On Mon, Oct 02, 2023 at 11:09:39PM +0200, Frederic Weisbecker wrote:
> > > spin_unlock_rcu_node(sdp); /* Interrupts remain disabled. */
> > > WRITE_ONCE(ssp->srcu_sup->srcu_gp_start, jiffies);
> > > WRITE_ONCE(ssp->srcu_sup->srcu_n_exp_nodelay, 0);
> > > @@ -1245,7 +1243,18 @@ static unsigned long
> > > srcu_gp_start_if_needed(struct srcu_struct *ssp,
> > > rcu_segcblist_advance(&sdp->srcu_cblist,
> > >
> > > rcu_seq_current(&ssp->srcu_sup->srcu_gp_seq));
> > > s = rcu_seq_snap(&ssp->srcu_sup->srcu_gp_seq);
> > > - (void)rcu_segcblist_accelerate(&sdp->srcu_cblist, s);
> > > + /*
> > > + * Acceleration might fail if the preceding call to
> > > + * rcu_segcblist_advance() also failed due to a prior grace
> > > + * period seen incomplete before rcu_seq_snap(). If so then a new
> > > + * call to advance will see the completed grace period and fix
> > > + * the situation.
> > > + */
> > > + if (!rcu_segcblist_accelerate(&sdp->srcu_cblist, s)) {
> >
> > We can add below also? Here old and new are rcu_seq_current() values used in
> > the 2 calls to rcu_segcblist_advance().
> >
> > WARN_ON_ONCE(!(rcu_seq_completed_gp(old, new) && rcu_seq_new_gp(old, new)));
>
> Very good point! "new" should be exactly one and a half grace period away from
> "old", will add that.
>
> Cooking proper patches now.
Actually this more simple fix below. rcu_seq_snap() can be called before
rcu_segcblist_advance() after all. The only side effect is that callbacks
advancing is then _after_ the full barrier in rcu_seq_snap(). I don't see
an obvious problem with that as that barrier only cares about:
1) Ordering accesses of the update side before call_srcu() so they don't bleed
2) See all the accesses prior to the grace period of the current gp_num
The only things callbacks advancing need to be ordered against are carried by
snp locking.
I still remove the accelerations elsewhere and advancing in srcu_gp_start() in
further patches. I'll also avoid advancing and acceleration in
srcu_gp_start_if_needed if there is no callback to queue.
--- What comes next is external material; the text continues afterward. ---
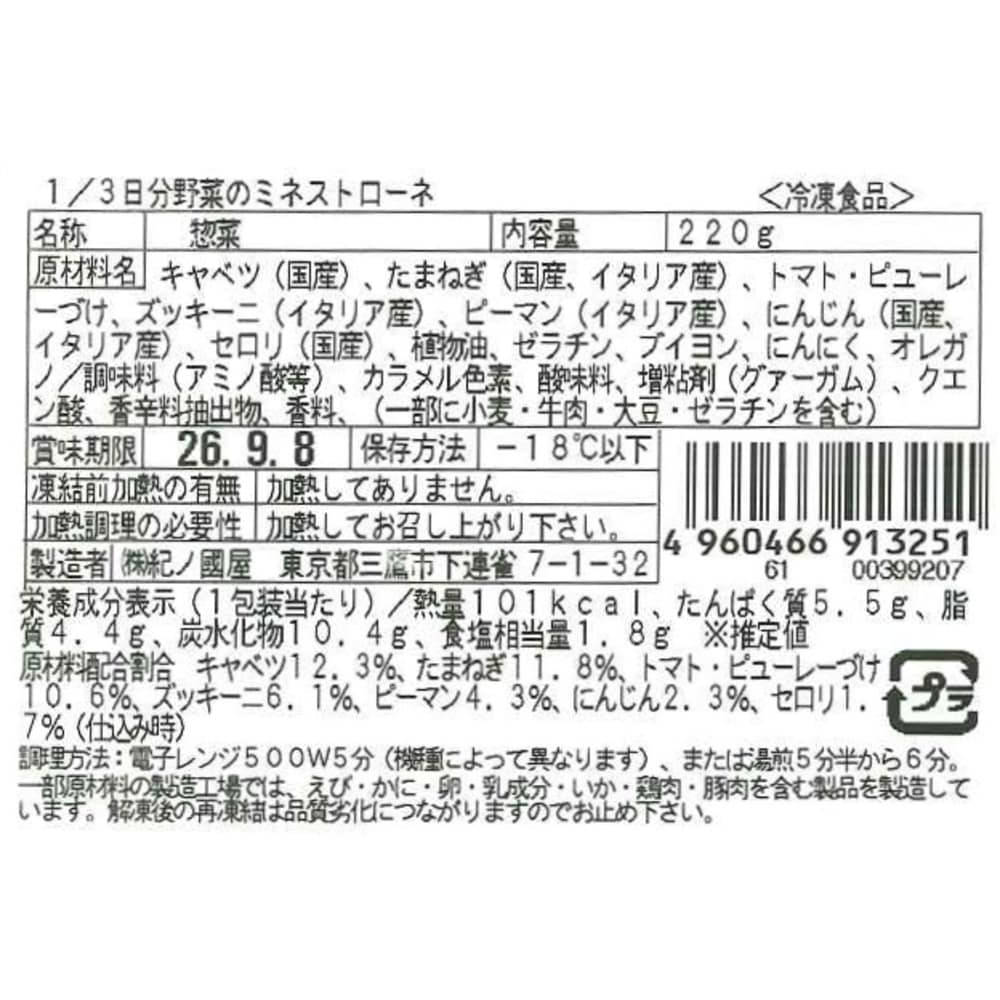 ・1/3日分野菜のミネストローネ:1/3日分の野菜を使用。野菜の旨味が溶け込んだ優しい味のスープです。
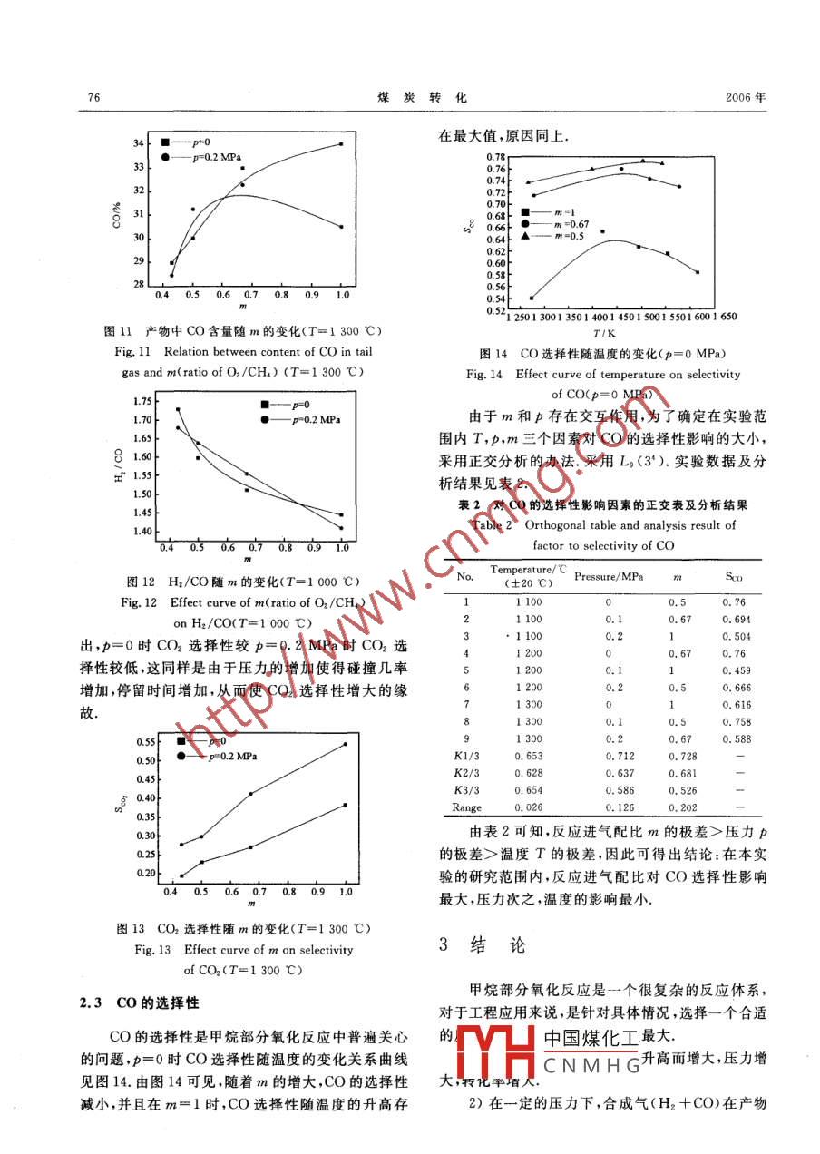 第29卷第4期Vol, 29 No, 42006年10月COAL CONVERSIONOct.2006非催化加壓甲烷部分氧化制合成氣任國良1)董根全?李小蓓1崔富梅》吳建慧3曹立仁4李永旺4摘要考察了非催化條件下,溫度、壓力和進(jìn)氣配比對(duì)甲烷部分氧化制合成氣的影響,結(jié)果表明:甲坑的轉(zhuǎn)化率隨溫度的升高,壓力的增加,進(jìn)氣中氧的增加而增加;產(chǎn)物中合成氣含量隨溫度的升高而增加,最高達(dá)81%以上;隨著溫度的升高,產(chǎn)物中H2/CO存在極值,在本實(shí)驗(yàn)的研究范圍內(nèi),最大可達(dá)1.8;進(jìn)氣中氧增多,產(chǎn)物中H2/CO減小;溫度升高,或壓力增大,CO2的選擇性也隨之提高.對(duì)CO選擇性的正交分析表明,進(jìn)氣配比對(duì)CO選擇性影響最大,壓力次之,溫度的影響關(guān)鍵詞甲烷,部分氧化,無催化,壓力,配比中圖分類號(hào)TQ221.1+1穩(wěn)定性、壽命、抗積碳能力或經(jīng)濟(jì)性仍然達(dá)不到工業(yè)0引言要求.為此,本實(shí)驗(yàn)室從工藝角度出發(fā),系統(tǒng)考察了無催化條件下溫度、壓力、進(jìn)氣配比等工藝條件對(duì)隨著石油資源的日趨緊張,進(jìn)一步開發(fā)利用天甲烷部分氧化制合成氣的影響,這些研究避開了催然氣(90%以上為甲烷)資源越來越受到人們的關(guān)化劑難題,有助于甲烷部分氧化制合成氣早日實(shí)現(xiàn)注.從現(xiàn)有探明儲(chǔ)量和消費(fèi)速度來看,全世界石油資工業(yè)化源只夠使用40年,而天然氣資源可夠用60年.據(jù)專家預(yù)測到21世紀(jì)中葉,天然氣在世界能源結(jié)構(gòu)1實(shí)驗(yàn)部分中所占比例將從現(xiàn)在的25%上升到40%左右,而石油將由現(xiàn)在的34%下降至20%.2能源結(jié)構(gòu)的變化1.1反應(yīng)原理必然導(dǎo)致能源利用和消費(fèi)結(jié)構(gòu)的變化,因此開發(fā)利非催化甲烷部分氧化制合成氣的反應(yīng)方程為用天然氣將具有非常廣闊的前景.目前來說,天然氣CH4+0.5O2=CO+2H除可直接用作燃料外,還可以作為高效、優(yōu)質(zhì)、清潔△H298=-37.5kJ/mol(1)的能源和化工燃料.甲烷的化工利用主要是兩種途這一反應(yīng)過程很復(fù)雜,包含多個(gè)副反應(yīng),如:徑:即直接轉(zhuǎn)化和間接轉(zhuǎn)化.直接轉(zhuǎn)化法是將甲烷直CH4+2O2→CO2+2H2O接轉(zhuǎn)化為乙烯、甲醇、甲醛、氯代甲烷等化工原料,間△H29=-802kJ/mol(2)接轉(zhuǎn)化法是先將甲烷轉(zhuǎn)化為合成氣,再由合成氣制CH,+H,O=CO+3H2備甲醇、汽油、柴油等液體燃料和合成氨等△H28=+206.1kJ/mol(3)甲烷制合成氣有三條途徑:即水蒸氣重整、二氧CH,+CO2 +2C0-+2H化碳重整和甲烷部分氧化.其中已經(jīng)工業(yè)化的△H298=247.3kJ/mol(4)方法為蒸氣重整法,進(jìn)而發(fā)展了龐大的合成氨和甲CO+H2O-CO2+H醇工業(yè).其中甲烷部分氧化反應(yīng)(CH4+0.50241.2 kJ/molCO+2H2)是近十幾年來的研究熱點(diǎn)目前的研式中:總反應(yīng)為體積增大的溫和放熱反應(yīng),反應(yīng)(2)究工作主要集中在催化劑方面,使得催化劑各個(gè)為燃燒反應(yīng),反應(yīng)(3)、反應(yīng)(4)均為吸熱反應(yīng),反應(yīng)方面的性能有了長足的進(jìn)步.但是由于目前甲烷部(5)為水煤氣變換反應(yīng)燃燒反應(yīng)生成大量的熱,并分氧化制合成氣催化劑使用過程中的活性選擇性、被吸中國煤化工中國科學(xué)院山西煤炭化學(xué)研究所創(chuàng)新基金資助項(xiàng)目(06SC7919C1)CNMHG1)碩士生;2)博士、副研究員;3)工程師;4)研究員,中國科學(xué)院山西煤炭化學(xué)研究所,030001太原收稿日期:2006-05-17;修回日期:2006-0622任國良等非催化加壓甲烷部分氧化制合成氣反應(yīng)的平衡常數(shù)見表1表1不同溫度下反應(yīng)的平衡常數(shù)Table 1 Equilibrium constant of reacts indifferent temperatureT/KReaction 1 Reaction 3 Reaction 4 Reaction 5XHOHExhaust10003.383E+113,275E+011.957E+011.67310502.921E+111.161E+028.530E+011.36111002.556E+113.667E+023.253E+021.12711502.263E+111.048E+031,104E+030.950圖1反應(yīng)流程圖12002.023E十112.745E+033.384E+030.811Fig 1 Schematic diagram of the12501.826E+116.657E+039.483E+030.702experimental apparatus13001.660E+111.508E+042.455E+040.614Methane gas cylinder: 2-Oxygen gas cylinder13501.521E+113.215E+045.924E+040.5433— Mass-flow controller;4— Pressure gage;14001.401E+116.493E+041.342E+050.48414501.299E+111.249E+052.874E+050.435Gas chromatograph15001.210E+112.302E+055.851E+050.39315501.132E+114.076E+051.137E+060.358COg16001.064E+116.964E+052.121E氧化碳收率:2c=CHm+CO+COz從表1可知,水煤氣變換反應(yīng)的平衡常數(shù)很小氧化碳收率:YC溫度對(duì)其平衡常數(shù)的影響很大,因此實(shí)驗(yàn)溫度的選CHat +Coout +CO2擇很重要.在其他條件一定的情況下,不同的溫度可以生成不同的H2/CO氫氣選擇性:SH2=XcH12實(shí)驗(yàn)裝置及條件合成氣收率Ym=3(CH+c0+5Y反應(yīng)器爐膛內(nèi)徑120mm,高度400mm,噴嘴氧化碳選擇性:Sc=xch為環(huán)流式,中心氣路為甲烷,環(huán)路為氧氣.反應(yīng)流程見圖1.甲烷、氧氣進(jìn)氣壓力0.3MPa,采用常溫下氧化碳選擇性:Sm2=x進(jìn)氣.反應(yīng)器外加電加熱裝置,通過自控系統(tǒng)自動(dòng)調(diào)整電加熱功率,調(diào)節(jié)反應(yīng)器壁的溫度,通過反應(yīng)器壁2結(jié)果與討論溫度和進(jìn)氣量的調(diào)整,達(dá)到控制反應(yīng)溫度的目的.進(jìn)氣采用質(zhì)量流量計(jì)控制,達(dá)到不同的配比m(m=1溫度的影響O2/CH4).主要反應(yīng)條件為:溫度1000℃~1300℃,壓力0~0.2MPa,反應(yīng)計(jì)量比m=0.

The point is also that this simple fix alone can be easily backported and
the rest can come as cleanups.
diff --git a/kernel/rcu/srcutree.c b/kernel/rcu/srcutree.c
index 5602042856b1..8b09fb37dbf3 100644
--- a/kernel/rcu/srcutree.c
+++ b/kernel/rcu/srcutree.c
@@ -1244,10 +1244,10 @@ static unsigned long srcu_gp_start_if_needed(struct
srcu_struct *ssp,
spin_lock_irqsave_sdp_contention(sdp, &flags);
if (rhp)
rcu_segcblist_enqueue(&sdp->srcu_cblist, rhp);
+ s = rcu_seq_snap(&ssp->srcu_sup->srcu_gp_seq);
rcu_segcblist_advance(&sdp->srcu_cblist,
rcu_seq_current(&ssp->srcu_sup->srcu_gp_seq));
- s = rcu_seq_snap(&ssp->srcu_sup->srcu_gp_seq);
- (void)rcu_segcblist_accelerate(&sdp->srcu_cblist, s);
+ WARN_ON_ONCE(!rcu_segcblist_accelerate(&sdp->srcu_cblist, s) && rhp);
if (ULONG_CMP_LT(sdp->srcu_gp_seq_needed, s)) {
sdp->srcu_gp_seq_needed = s;
needgp = true;